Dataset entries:
"""

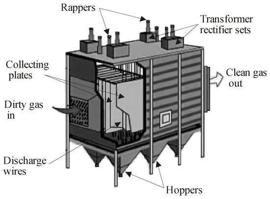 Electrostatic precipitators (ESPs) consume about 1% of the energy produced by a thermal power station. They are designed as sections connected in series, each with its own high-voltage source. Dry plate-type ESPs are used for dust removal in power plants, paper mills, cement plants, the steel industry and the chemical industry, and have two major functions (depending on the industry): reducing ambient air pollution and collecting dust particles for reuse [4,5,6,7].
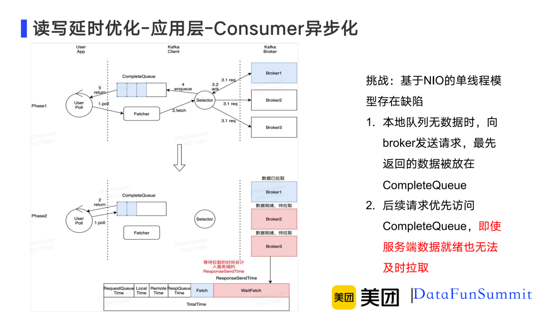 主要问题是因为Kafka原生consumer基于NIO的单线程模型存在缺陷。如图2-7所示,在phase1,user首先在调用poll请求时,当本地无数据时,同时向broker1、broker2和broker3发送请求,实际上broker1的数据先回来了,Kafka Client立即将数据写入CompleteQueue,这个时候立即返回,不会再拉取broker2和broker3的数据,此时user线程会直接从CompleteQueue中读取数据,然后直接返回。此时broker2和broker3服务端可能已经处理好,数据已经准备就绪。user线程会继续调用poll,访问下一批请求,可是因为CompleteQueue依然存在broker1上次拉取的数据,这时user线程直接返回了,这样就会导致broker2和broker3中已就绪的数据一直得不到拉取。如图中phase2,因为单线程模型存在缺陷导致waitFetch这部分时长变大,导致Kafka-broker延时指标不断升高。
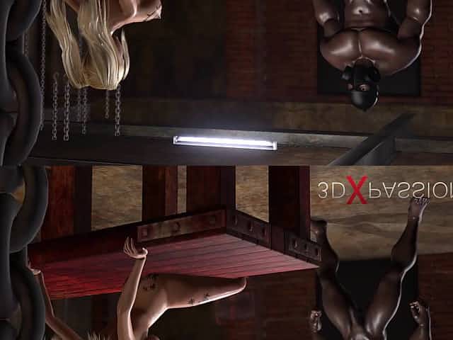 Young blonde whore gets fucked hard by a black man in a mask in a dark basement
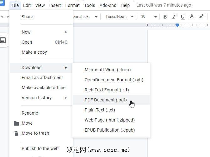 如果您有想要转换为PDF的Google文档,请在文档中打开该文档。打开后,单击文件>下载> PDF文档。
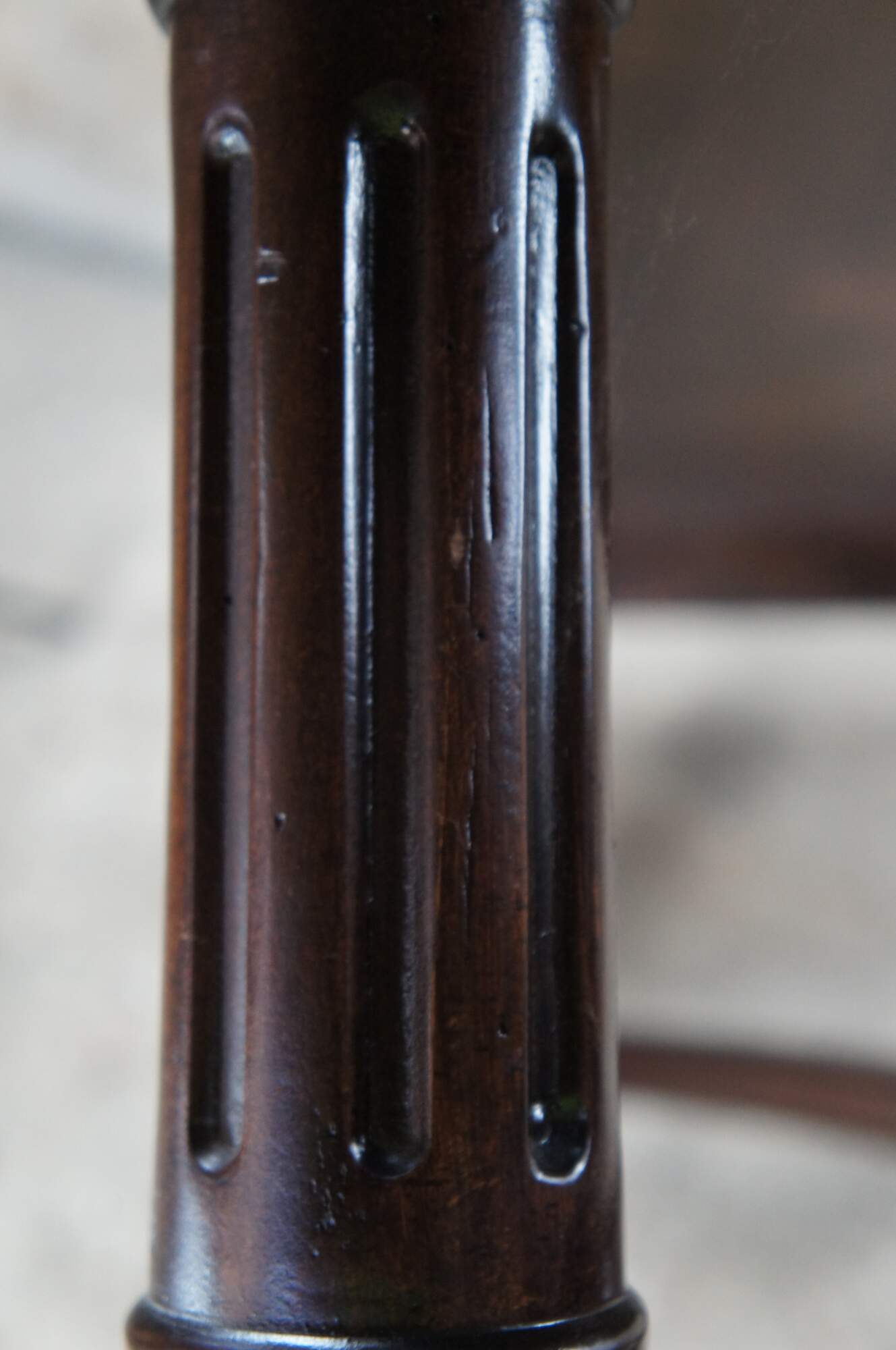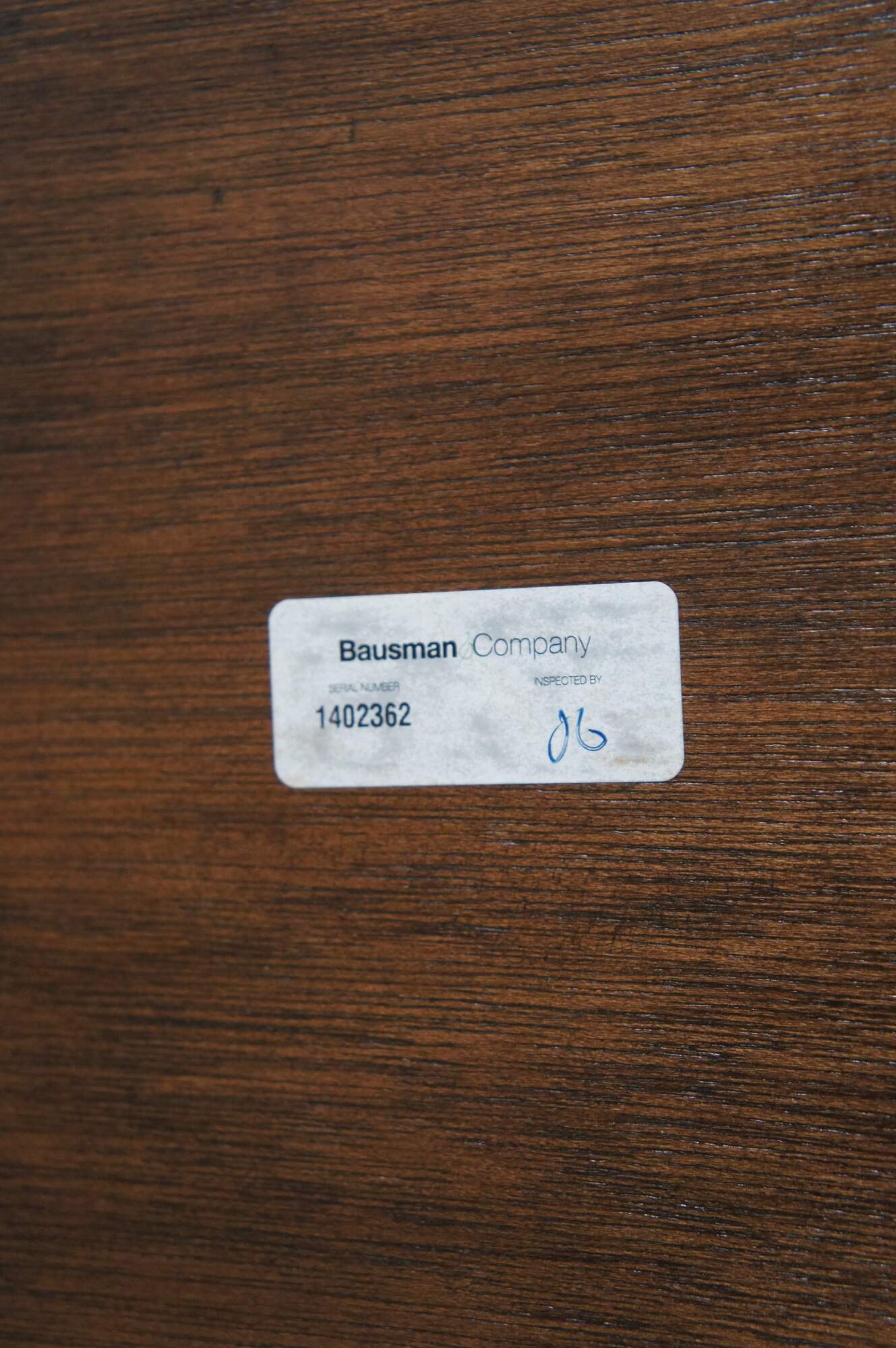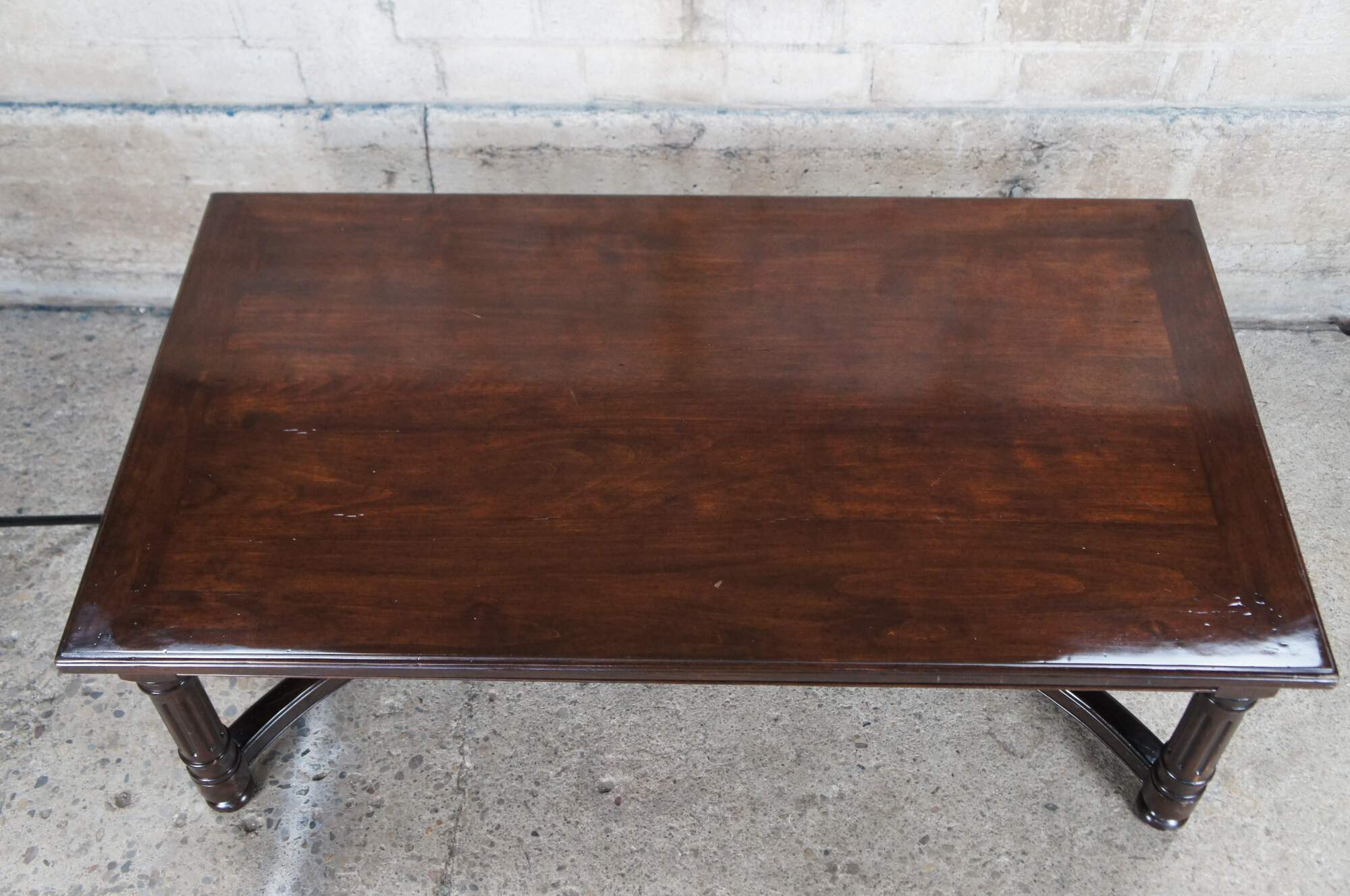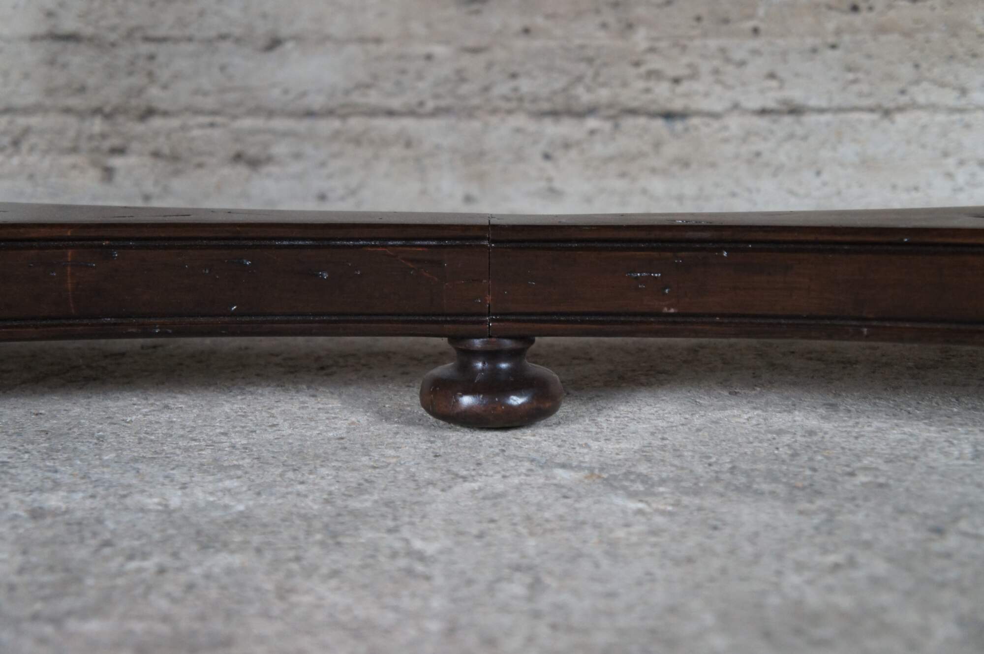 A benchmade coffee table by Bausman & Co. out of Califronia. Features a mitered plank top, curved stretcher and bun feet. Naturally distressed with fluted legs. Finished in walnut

"""
"""

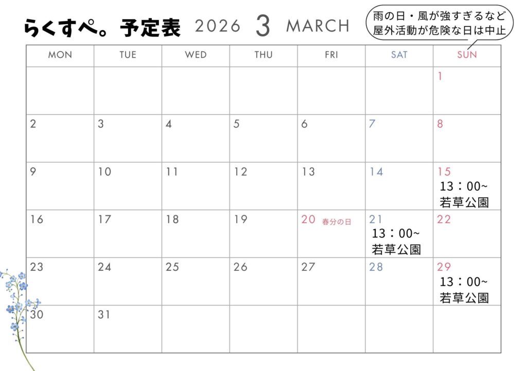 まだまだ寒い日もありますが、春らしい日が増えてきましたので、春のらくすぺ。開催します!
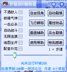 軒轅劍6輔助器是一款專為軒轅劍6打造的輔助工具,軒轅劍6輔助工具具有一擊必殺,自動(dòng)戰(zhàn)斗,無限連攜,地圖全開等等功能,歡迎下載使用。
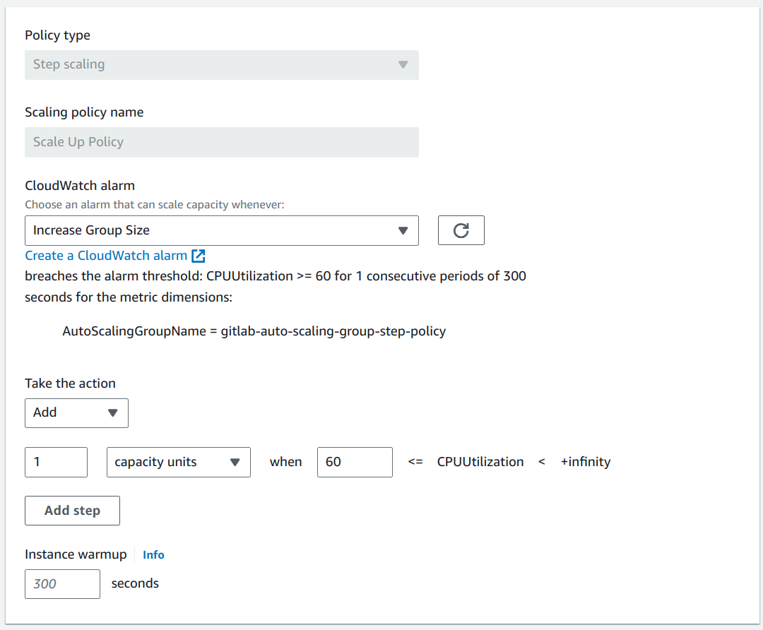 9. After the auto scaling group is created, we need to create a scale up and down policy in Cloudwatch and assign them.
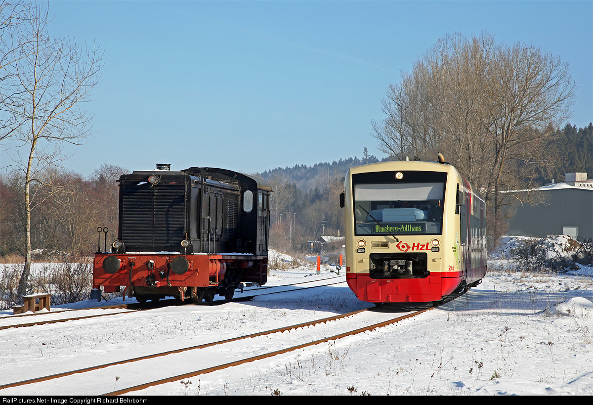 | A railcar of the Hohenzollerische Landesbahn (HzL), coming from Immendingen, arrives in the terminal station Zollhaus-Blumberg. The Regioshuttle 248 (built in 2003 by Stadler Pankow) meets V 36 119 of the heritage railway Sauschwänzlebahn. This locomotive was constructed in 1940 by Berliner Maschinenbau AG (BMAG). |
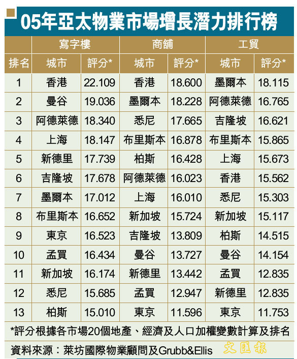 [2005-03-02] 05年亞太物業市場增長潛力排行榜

"""

## Task prompt:
The result should be an exact copy of only the lines above from the one that holds "軒轅劍6輔助器是一款專為軒轅" through the one that holds "[2005-03-02] 05年亞太物業市場增長潛力排行榜", both ends included, without pictures.

## The answer:
 軒轅劍6輔助器是一款專為軒轅劍6打造的輔助工具,軒轅劍6輔助工具具有一擊必殺,自動(dòng)戰(zhàn)斗,無限連攜,地圖全開等等功能,歡迎下載使用。
 9. After the auto scaling group is created, we need to create a scale up and down policy in Cloudwatch and assign them.
 | A railcar of the Hohenzollerische Landesbahn (HzL), coming from Immendingen, arrives in the terminal station Zollhaus-Blumberg. The Regioshuttle 248 (built in 2003 by Stadler Pankow) meets V 36 119 of the heritage railway Sauschwänzlebahn. This locomotive was constructed in 1940 by Berliner Maschinenbau AG (BMAG). |
 [2005-03-02] 05年亞太物業市場增長潛力排行榜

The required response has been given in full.